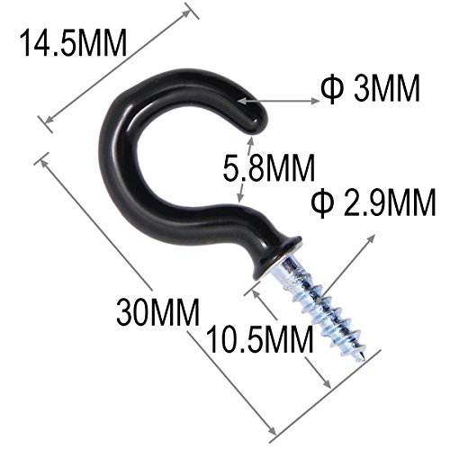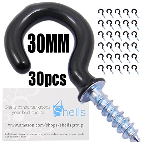 Shells 30PCS Black Color 30MM Vinyl Coated Hooks Cup Hooks Round End Screw Hooks Self-tapping Screws Hooks Question Mark Shape Hooks
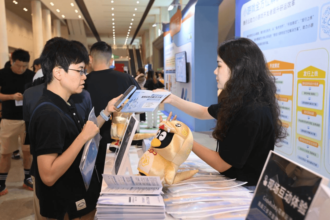 ▲小游戏开放者在互动体验区交流。冉雨琳 摄
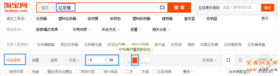 對于寶貝的價格可以從淘寶搜索寶貝的中心詞進行查看,例如搜索“垃圾桶”。
──────────────────────────────
- **What the task requires**: Give back the full data exactly as it reads, but drop the pictures.

- **Reply to the task**:
 Shells 30PCS Black Color 30MM Vinyl Coated Hooks Cup Hooks Round End Screw Hooks Self-tapping Screws Hooks Question Mark Shape Hooks
 ▲小游戏开放者在互动体验区交流。冉雨琳 摄
 對于寶貝的價格可以從淘寶搜索寶貝的中心詞進行查看,例如搜索“垃圾桶”。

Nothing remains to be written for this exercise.